Dori Laub, Psychoanalysis and Testimony– Invoking Presence Out of Absence

By Sara Martone - February 13, 2024

Join us for Dori Laub, Psychoanalysis and Testimony– Invoking Presence Out of Absence, an international conference taking place on Thursday, March 14 and Friday, March 15. The conference is a cooperation between the Sigmund Freud Museum, the Wiesenthal Institute for Holocaust Studies in Vienna and the Fortunoff Video Archive for Holocaust Testimonies.

In 2024, one of the most important video documentation centers of Holocaust testimonies celebrates its 45th anniversary: In the spring of 1979, Israeli-American psychoanalyst and psychiatrist Dori Laub and television producer Laurel Vlock began filming Holocaust survivors in New Haven – giving rise to the Holocaust Survivors Film Project (HSFP). In 1981, the HSFP tapes were deposited at Yale. They formed the basis for the Fortunoff Video Archive for Holocaust Testimonies, today the longest-running initiative of video testimonies of survivors. Dori Laub, herself a survivor of the Holocaust, participated in 134 testimonies for the HSFP and the Fortunoff Archive for Holocaust Testimonies, which now includes over 4,300 testimonies.

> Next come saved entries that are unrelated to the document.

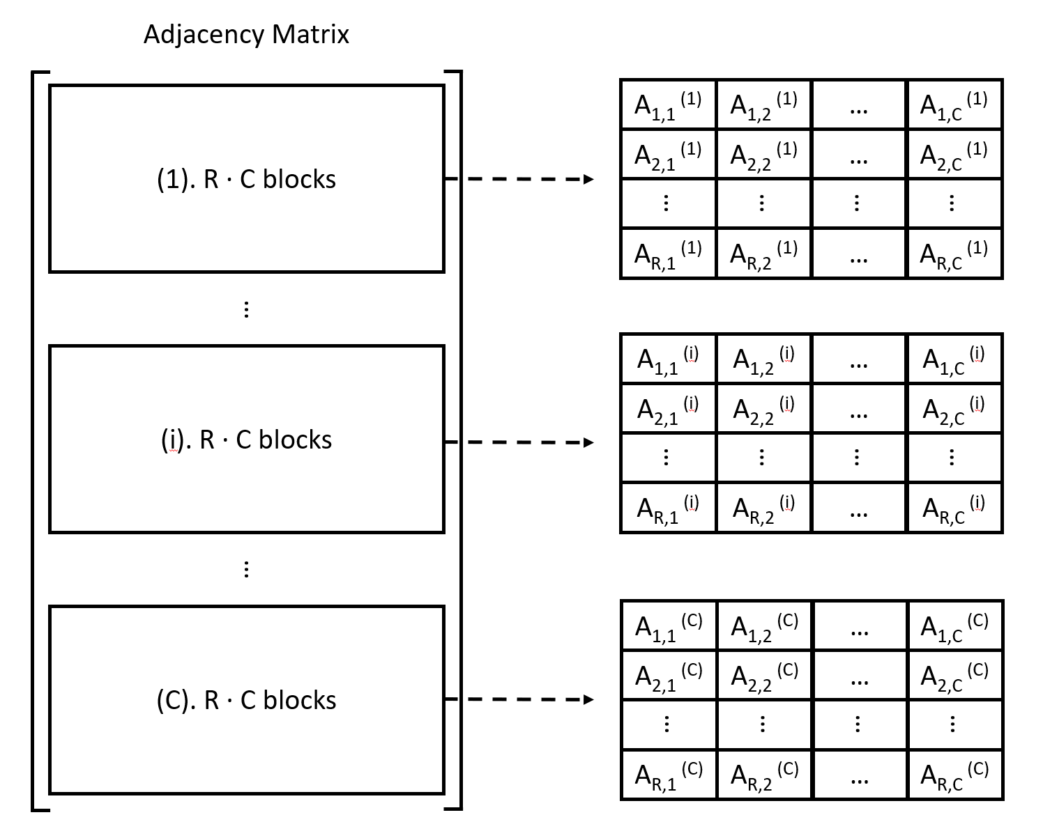 An graphic explanation of how adjacency matrix is divided in 2-demension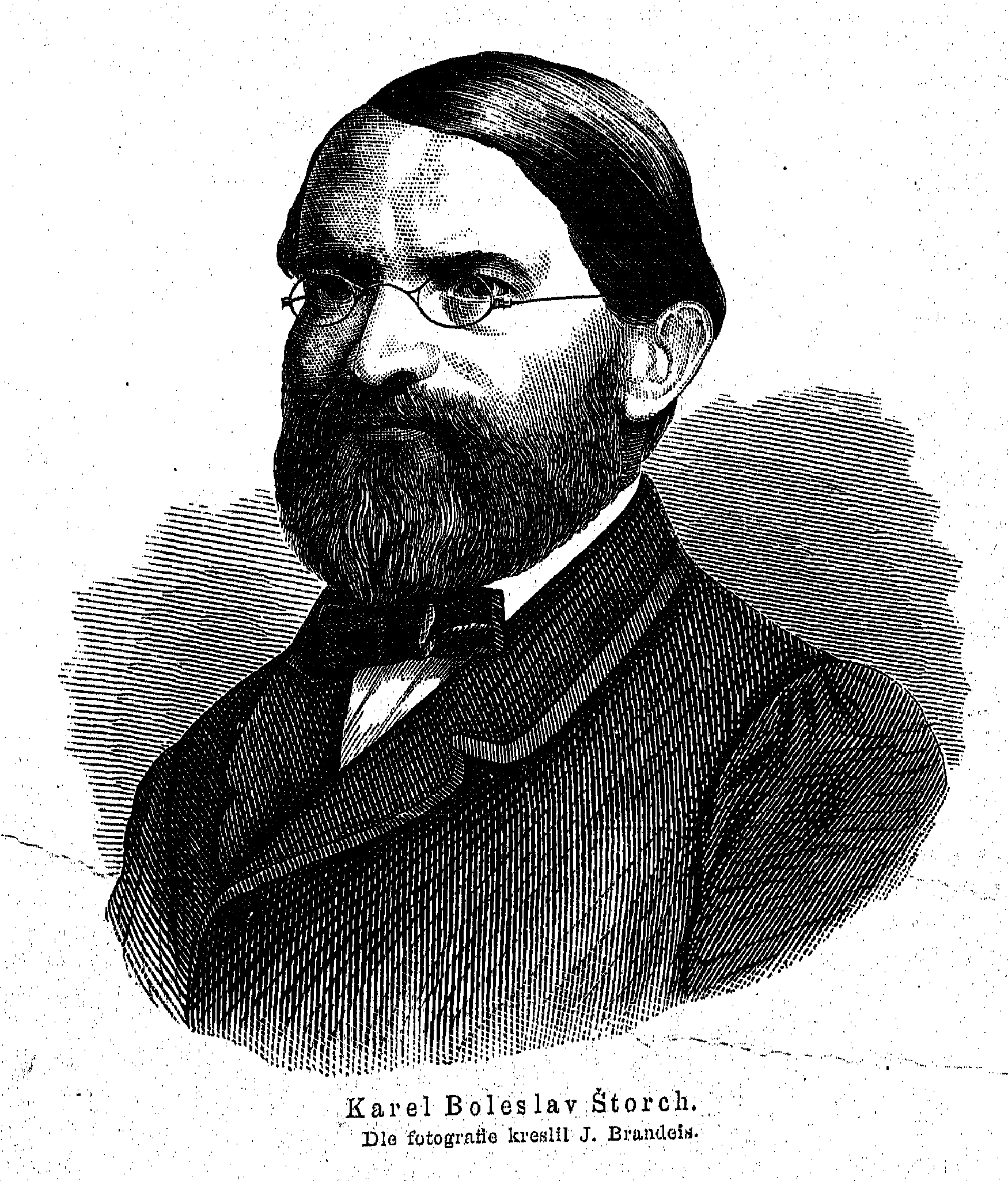 Portrait of Karel Boleslav Štorch (1812 - 1868), Czech writer and journalist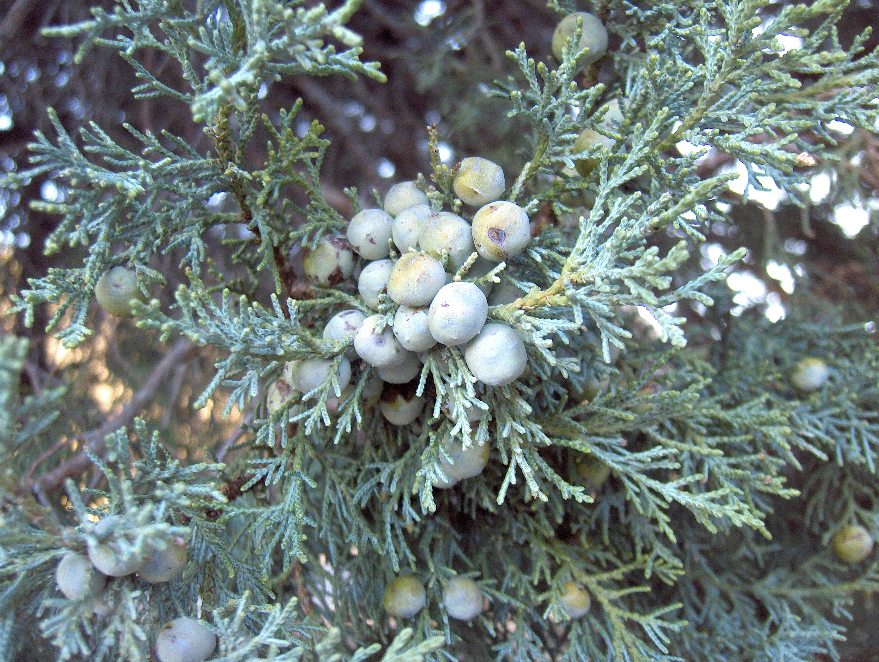 Juniperus deppeana foliage and immature cones. Big Bend National Park, Texas.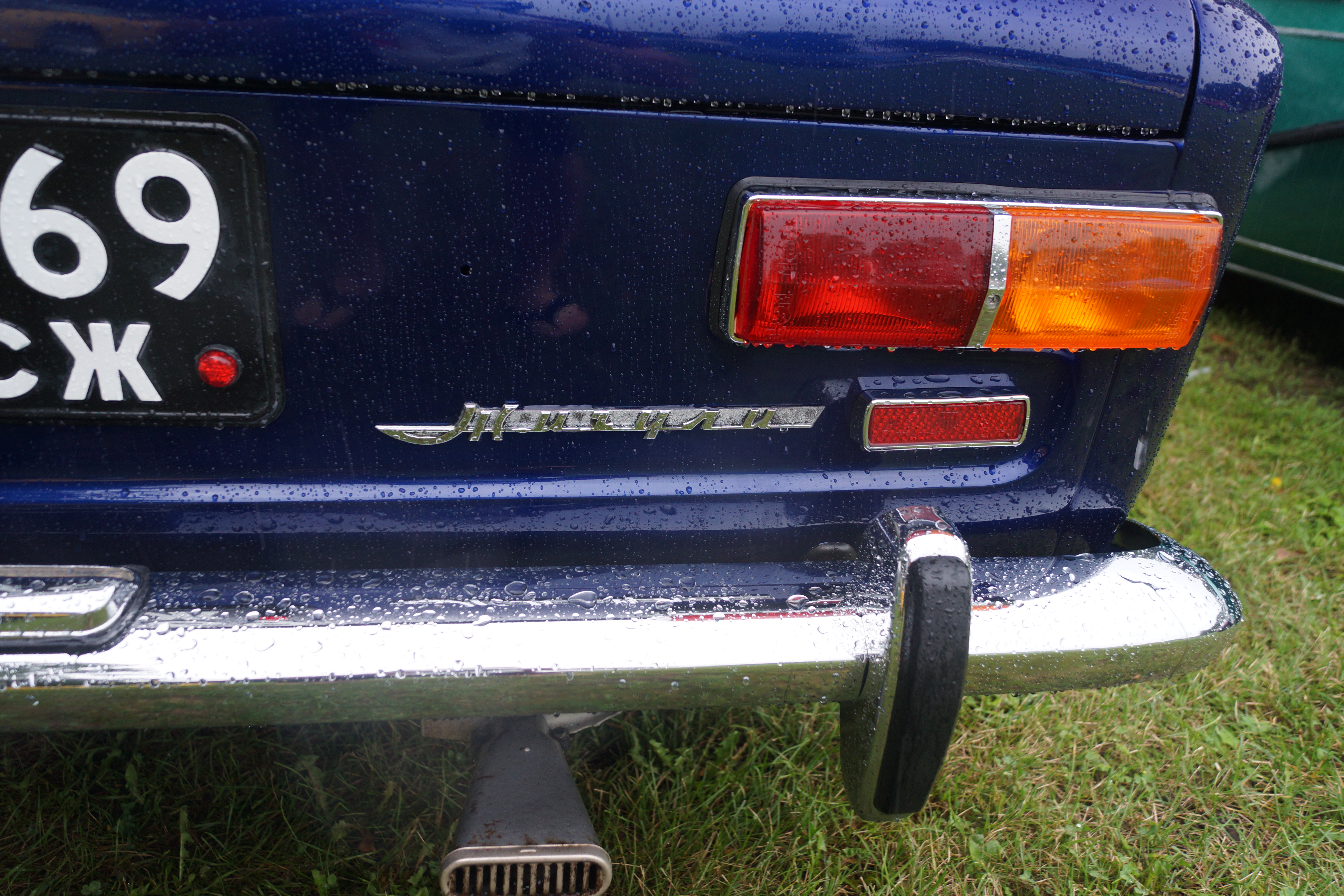 Southern Twin Cities Cruzers 28th Annual Summer Spectacular Car Show Dakota County Fairgrounds Farmington, Minnesota August 2016 Click here for more car pictures at my Flickr site.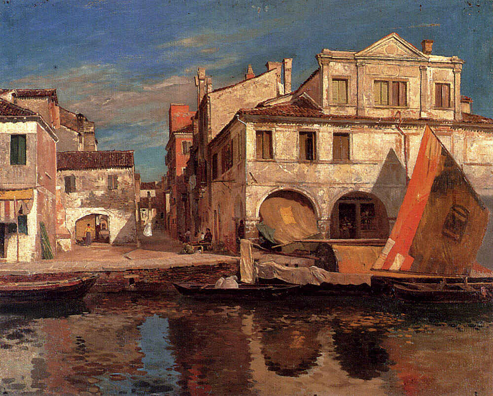 Gustav Bauernfeind: Canal Scene in Chioggia with Bragozzo

On the occasion of the 45th anniversary of the first video recording of Holocaust survivors by Laub and Vlock in New Haven in 1979, this two-day conference brings together a group of international scholars, psychoanalysts, filmmakers, and archivists. At the center of the interdisciplinary discussion are the contributions of eyewitness accounts and psychoanalysis to make the Holocaust and its unimaginable consequences for the human psyche comprehensible, but also other topics of psychoanalysis as well as Jewish history and culture and their destruction.